Indeed, the culturally-coded expectations of gender conduct form the background to the film and Mayarchuk’s departure from such codes of sexual conduct enables Brass to criticize such modes. Thus, Mayarchuk’s free sexuality, her bisexual promiscuity is held up as a pure sexuality, evidence of Brass’ ideal woman, one who remains innocent despite her sexual experience. In this, Brass seems intent to break down the idea that it is sexuality alone that separates the symbolic state of Innocence from that of Experience. Experience is not the sexual awakening of an innocent, but is the force of cultural repression – that which would negate, codify and deny the free sexuality found in Innocence. Experience is that which taints a free sexual expression with impurity or guilt: it is an external imposition. For Brass then, cultural expectations of monogamous sexual conduct are anathema to true sexual innocence and freedom. Hence, the film’s dilemma concerns equally that of Mayarchuk, having to hide her nature, and that of Berardi, a man whose deeply ingrained expectations of gender conduct conflict with his own erotic feelings towards his girlfriend’s actions. For Brass then, infidelity is a natural sexual behaviour and it is only patriarchy that has moulded such into betrayal. Furthermore, “betrayal” is hence a sexual stimulant due to its prominence as another socially imposed “taboo”.
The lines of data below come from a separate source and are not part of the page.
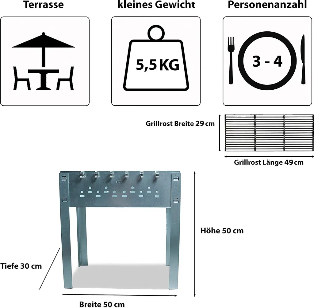 ACTIVA Mangal Schaschlik Grill Edelstahl 50×30 Cm Inkl. Grillrost Und 6 Spießen
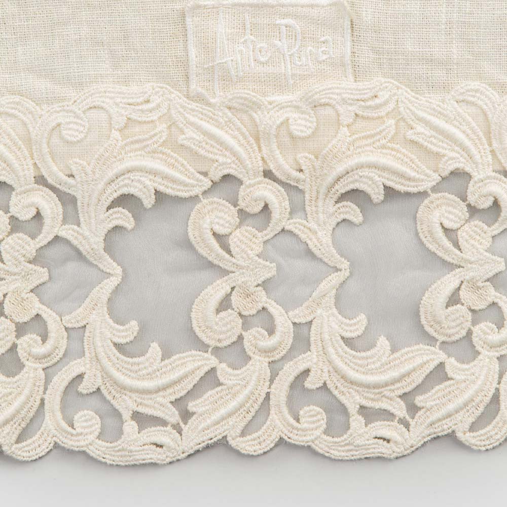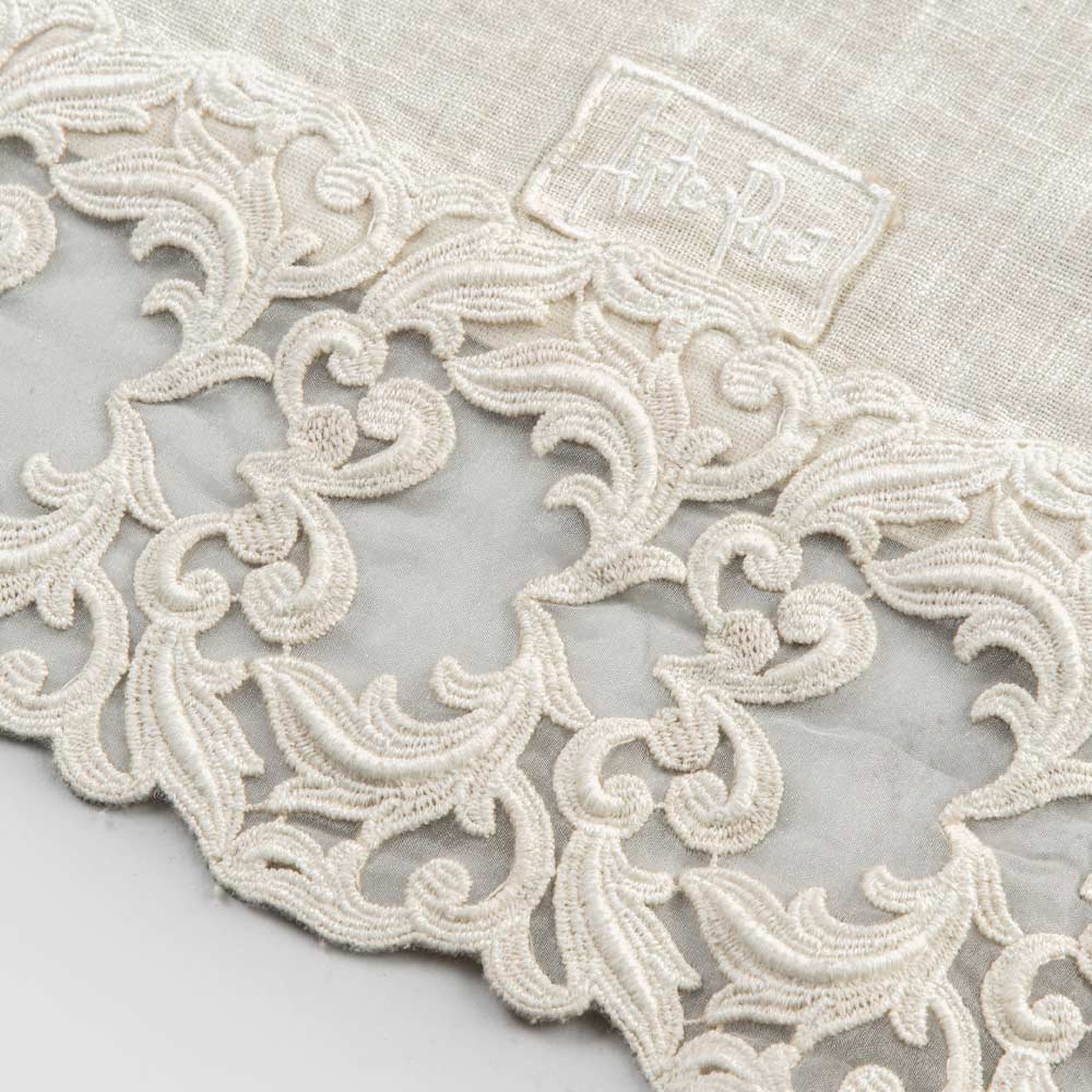 The value of tradition joins the modern lifestyle with this table runner in two finishes in heavy linen with folded edges and embellished with a Farnese lace weave.
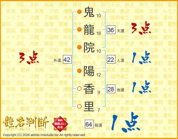 鬼(10画)龍(16画)院(10画) 陽(12画)香(9画)里(7画)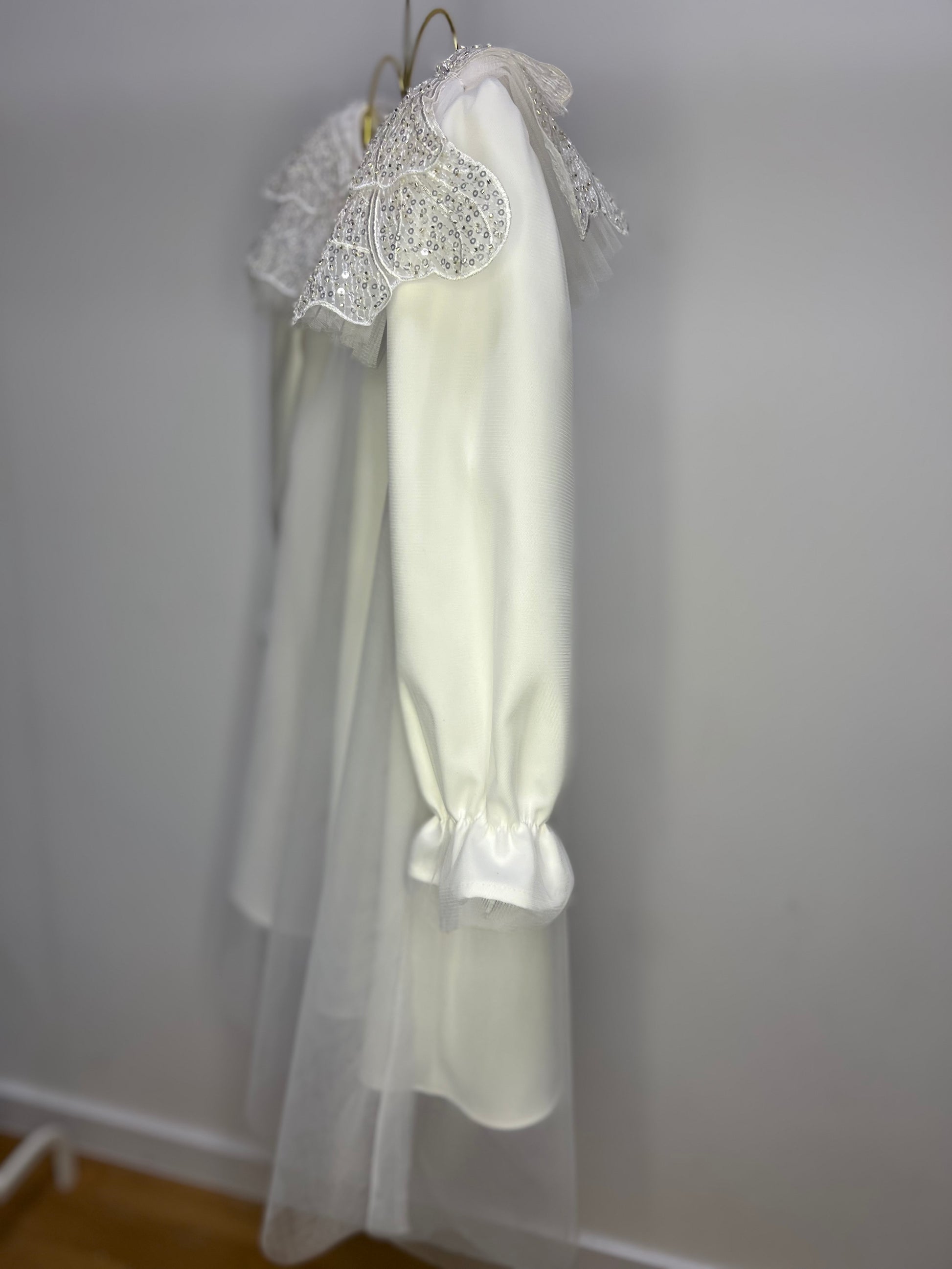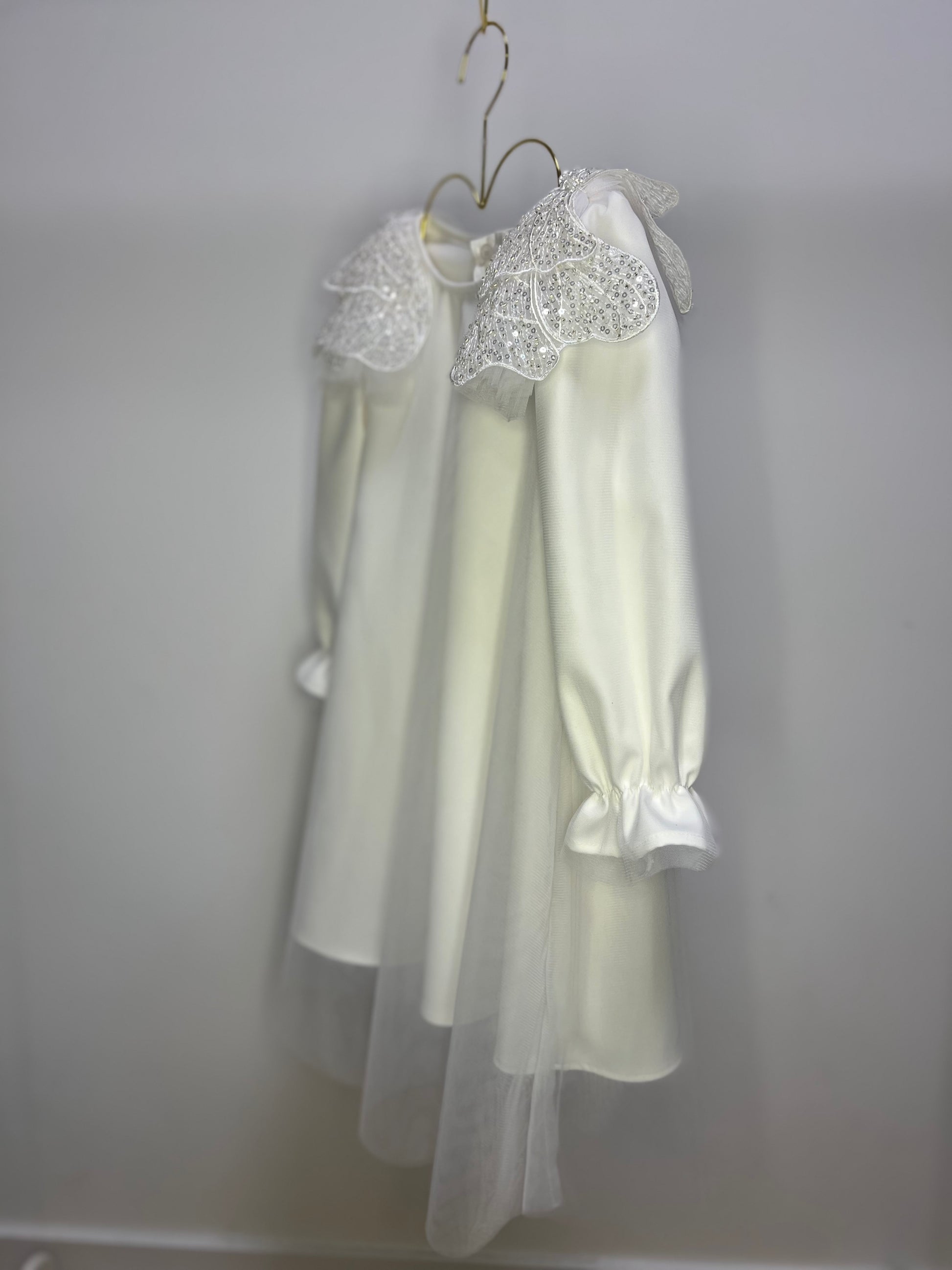 Ypatinga balta suknelė su spindinčiais sparniukais - tarsi iš pasakos! Lengvo, švelniai krentančio spindinčio audinio ir minkšto tiulio suknelė leis jaustis patogiai ir atrodyti nepriekaištingai. Suknelė su ilgomis rankovytėmis, nugaroje sagutė. Modelis platėjantis, krentantis tad mergaitėms bus patogu judėti.

Possessiveness is the ultimate aberration here, the imposition of a hypocritical masculine culture.
Berardi’s dilemma is that he cannot reconcile his cultural conditioning with his personal desire. Cultural gender expectation tells him that women should be obedient, not promiscuous and always loyal; however, he is turned on by the very thought of his girlfriend’s promiscuity and such become aids to his sexual imagination, potentially even bringing them closer together as a couple – in an idealized sexually free utopia untainted by the habituation of a patriarchal culture regarding decadence and power. No-one is immune to conditioning, as the lesbian Nunzi also succumbs to a pathological possessiveness, Brass suggesting that it is her obsession with power structures that leads her to duplicate ingrained heterosexual notions; qualities which threaten to masculinize her. In the battle between Innocence and Experience thus, it is the cultural expectation of sexual conduct which corrupts and threatens to destroy the innocence Brass sees in the post-feminist celebration of young woman’s open sexuality. This is of course the paradox of male erotica / exploitation and Brass once again proves amazingly adept at working subversive critiques of patriarchal sexual mores into material often presumed as male titillation. Even in such light fare as Cheeky, his subversive challenges to conventional sexual morality show through.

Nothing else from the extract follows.